• **Records provided**
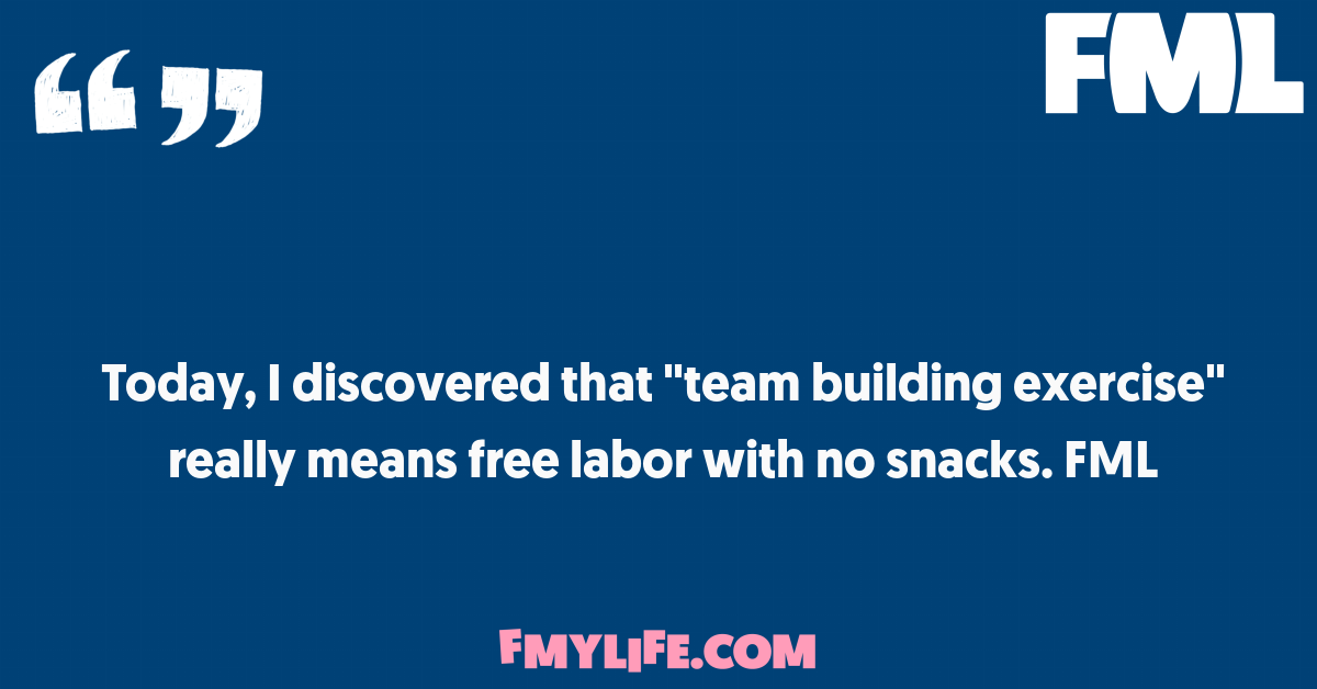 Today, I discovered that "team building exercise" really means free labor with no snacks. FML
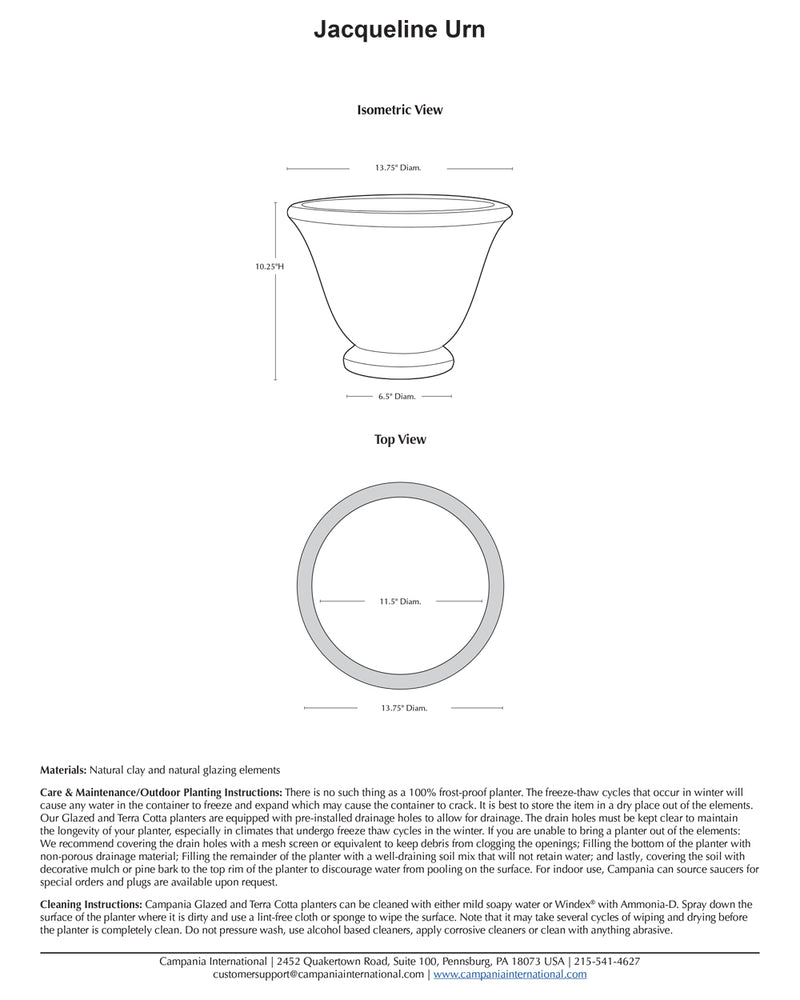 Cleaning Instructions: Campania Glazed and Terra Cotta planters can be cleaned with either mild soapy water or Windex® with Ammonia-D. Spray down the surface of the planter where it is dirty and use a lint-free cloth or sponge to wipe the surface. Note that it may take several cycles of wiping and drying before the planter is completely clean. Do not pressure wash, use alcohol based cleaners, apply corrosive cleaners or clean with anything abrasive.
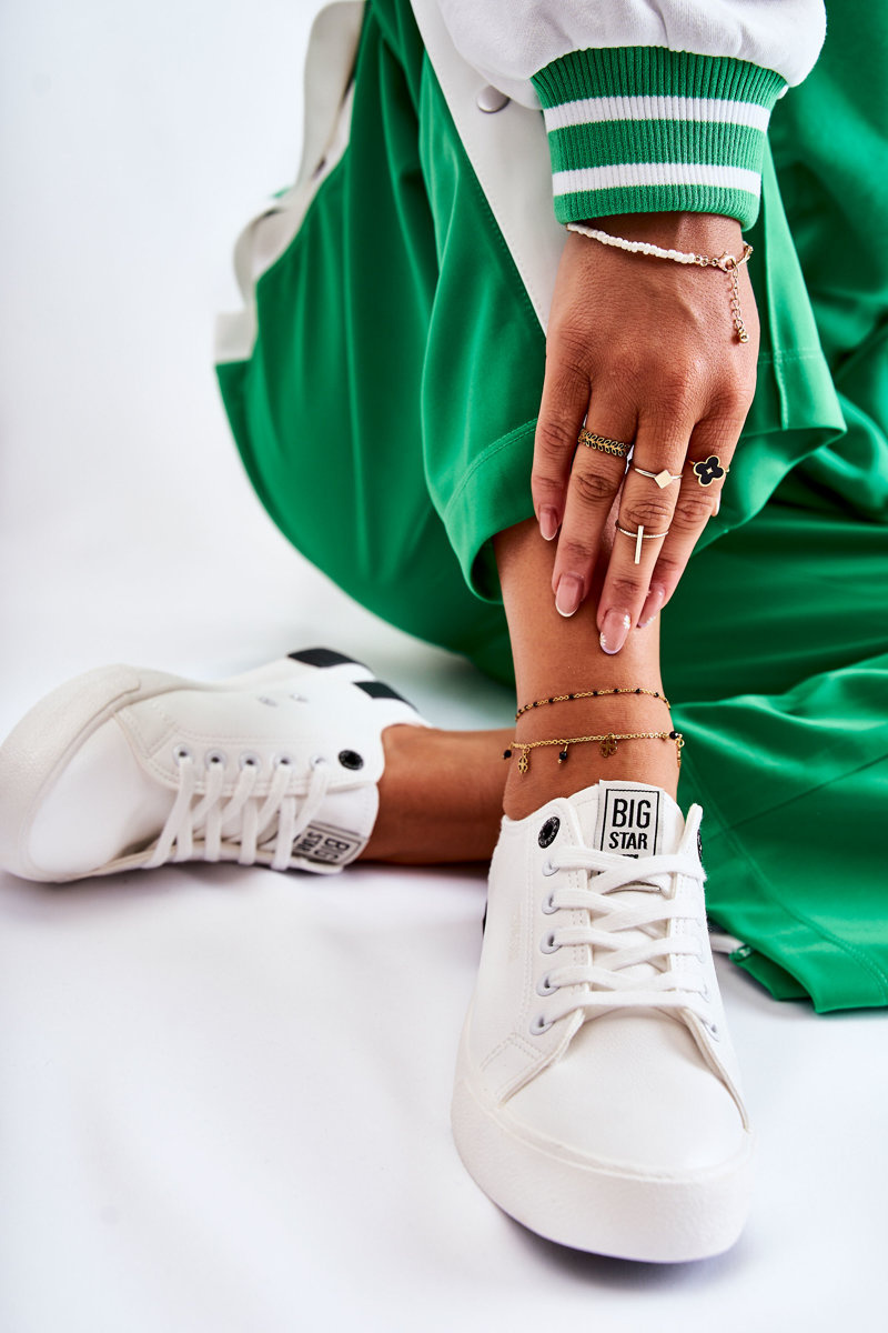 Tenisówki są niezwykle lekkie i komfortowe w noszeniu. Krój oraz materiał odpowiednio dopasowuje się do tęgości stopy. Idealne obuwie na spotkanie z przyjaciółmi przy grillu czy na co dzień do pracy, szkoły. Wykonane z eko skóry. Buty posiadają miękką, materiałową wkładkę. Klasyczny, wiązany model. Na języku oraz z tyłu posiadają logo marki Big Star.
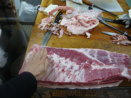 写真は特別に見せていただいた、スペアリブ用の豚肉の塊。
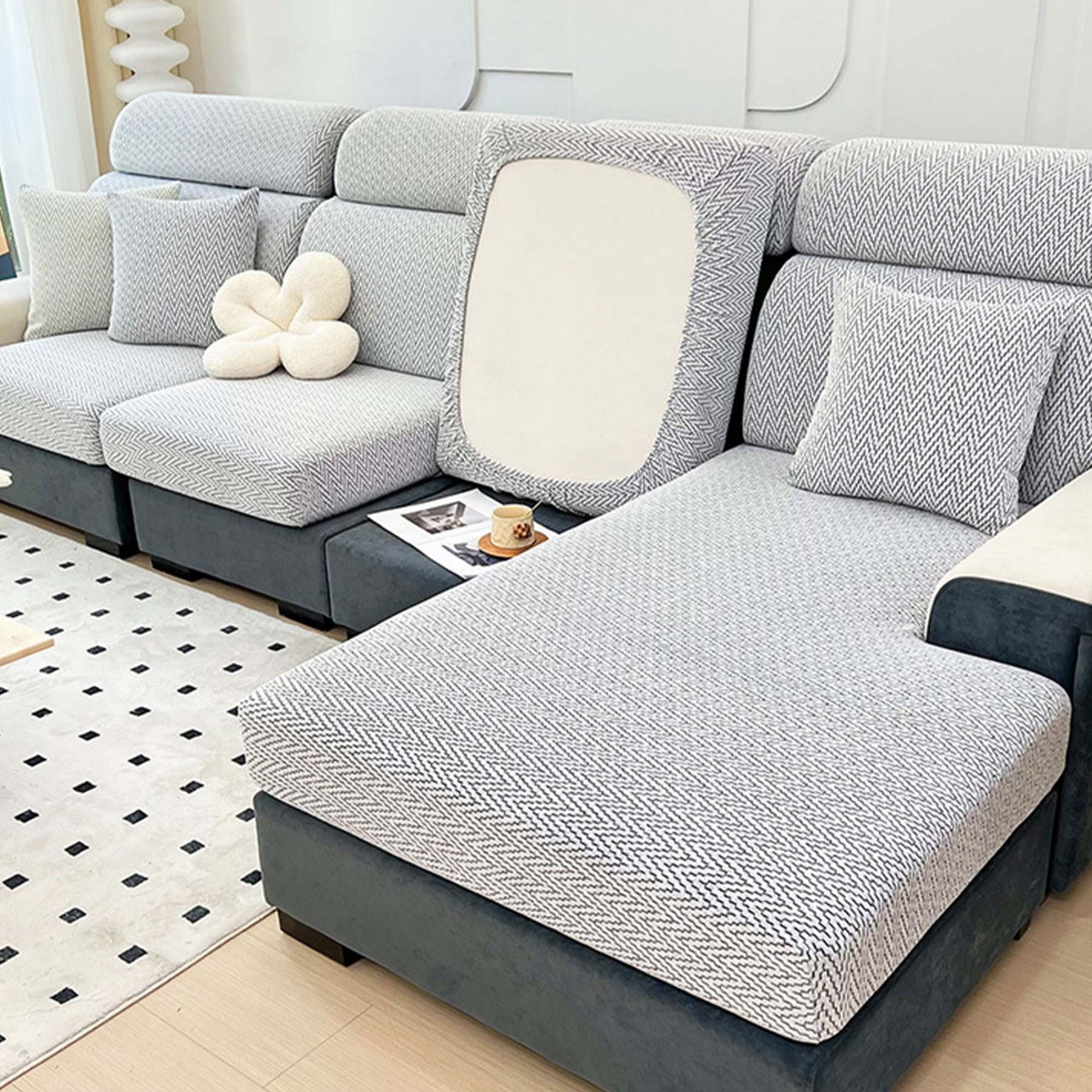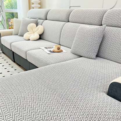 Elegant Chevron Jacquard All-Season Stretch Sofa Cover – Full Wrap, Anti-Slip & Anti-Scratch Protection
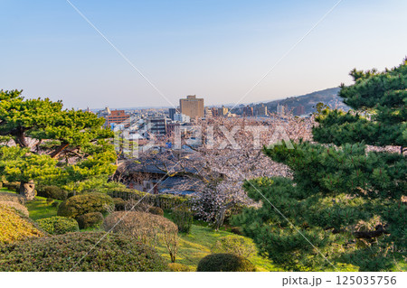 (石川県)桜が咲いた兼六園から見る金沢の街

• **Work required**
Each line from the top of the material through the line containing "Cleaning Instructions: Campania Glazed" should be reproduced exactly; please drop any images.

• **Answer for the task**
 Today, I discovered that "team building exercise" really means free labor with no snacks. FML
 Cleaning Instructions: Campania Glazed and Terra Cotta planters can be cleaned with either mild soapy water or Windex® with Ammonia-D. Spray down the surface of the planter where it is dirty and use a lint-free cloth or sponge to wipe the surface. Note that it may take several cycles of wiping and drying before the planter is completely clean. Do not pressure wash, use alcohol based cleaners, apply corrosive cleaners or clean with anything abrasive.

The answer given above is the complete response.